◆ **Your instructions**: Whenever a picture appears, leave it out while repeating all the other data exactly.
Raw data Start Marker
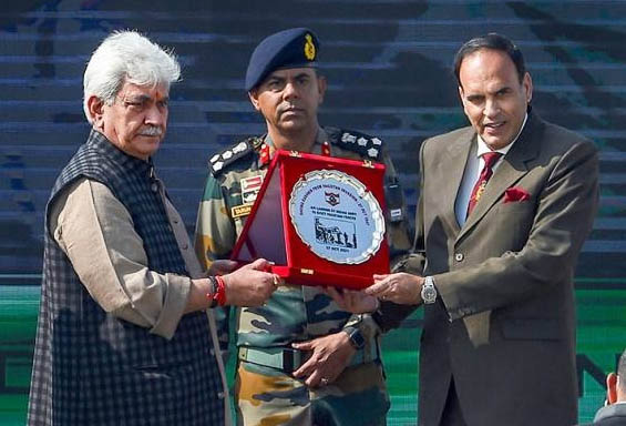 J&K Lt Governor Manoj Sinha felicitates Rajesh Bhatia, the younger son of Wg Cdr KL Bhatia who was commanding officer of Dakota DC3, during re-enactment of incidents which took place after Pakistani attackers attacked Kashmir in 1947, in Srinagar. J&K / Ladakh By Editor Last updated Oct 27, 2021 87 Share 87 Share
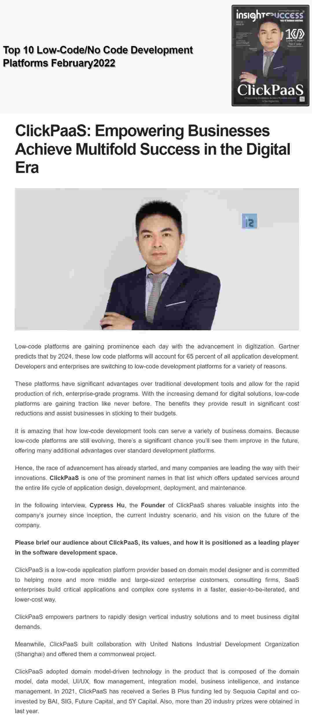 2022年年初,,美团钱包商家版入选外媒Insights Success低代码/无代码开发平台 Top10,,,,创始人、、、CEO胡柏受邀接受专访并荣登封面人物,,,,他与Insights Success的读者分享了美团钱包商家版成立的初心、、、、发展历程、、、、当前的行业发展趋势以及他对公司未来的展望。。。
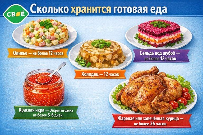 Новый год наступил, и чтобы выходные не превратились в кошмар, напоминаю, что традиция готовить впрок и доедать новогодние угощения в течение многих дней может быть опасна. Сколько и как хранить праздничную еду? Съесть готовые салаты оливье и селёдку под шубой лучше всего в первые сутки после приготовления. Заблаговременно нарезать их не получится – с каждым днём в блюдах снижается количество витаминов, а вот число бактерий увеличивается. Для салатов из свежих овощей и фруктов срок хранения и того меньше – всего 12 часов. Подробнее о сроках — на инфографике. Все готовые блюда после праздника нужно хранить в холодильнике в закрытых контейнерах или под плёнкой, не перегружая из посуды в посуды, и заправляя перед подачей. Осторожнее всего следует обращаться с рыбными блюдами, проверяя их запах, вид и вкус. Нужно помнить, что время жизни любимых салатов зависит от ингредиентов. Например, горошек или фасоль советуют добавлять перед подачей на стол для большей их свежести, а первыми в салат
Raw data End Marker
◆ **Answer to this task**:
 J&K Lt Governor Manoj Sinha felicitates Rajesh Bhatia, the younger son of Wg Cdr KL Bhatia who was commanding officer of Dakota DC3, during re-enactment of incidents which took place after Pakistani attackers attacked Kashmir in 1947, in Srinagar. J&K / Ladakh By Editor Last updated Oct 27, 2021 87 Share 87 Share
 2022年年初,,美团钱包商家版入选外媒Insights Success低代码/无代码开发平台 Top10,,,,创始人、、、CEO胡柏受邀接受专访并荣登封面人物,,,,他与Insights Success的读者分享了美团钱包商家版成立的初心、、、、发展历程、、、、当前的行业发展趋势以及他对公司未来的展望。。。
 Новый год наступил, и чтобы выходные не превратились в кошмар, напоминаю, что традиция готовить впрок и доедать новогодние угощения в течение многих дней может быть опасна. Сколько и как хранить праздничную еду? Съесть готовые салаты оливье и селёдку под шубой лучше всего в первые сутки после приготовления. Заблаговременно нарезать их не получится – с каждым днём в блюдах снижается количество витаминов, а вот число бактерий увеличивается. Для салатов из свежих овощей и фруктов срок хранения и того меньше – всего 12 часов. Подробнее о сроках — на инфографике. Все готовые блюда после праздника нужно хранить в холодильнике в закрытых контейнерах или под плёнкой, не перегружая из посуды в посуды, и заправляя перед подачей. Осторожнее всего следует обращаться с рыбными блюдами, проверяя их запах, вид и вкус. Нужно помнить, что время жизни любимых салатов зависит от ингредиентов. Например, горошек или фасоль советуют добавлять перед подачей на стол для большей их свежести, а первыми в салат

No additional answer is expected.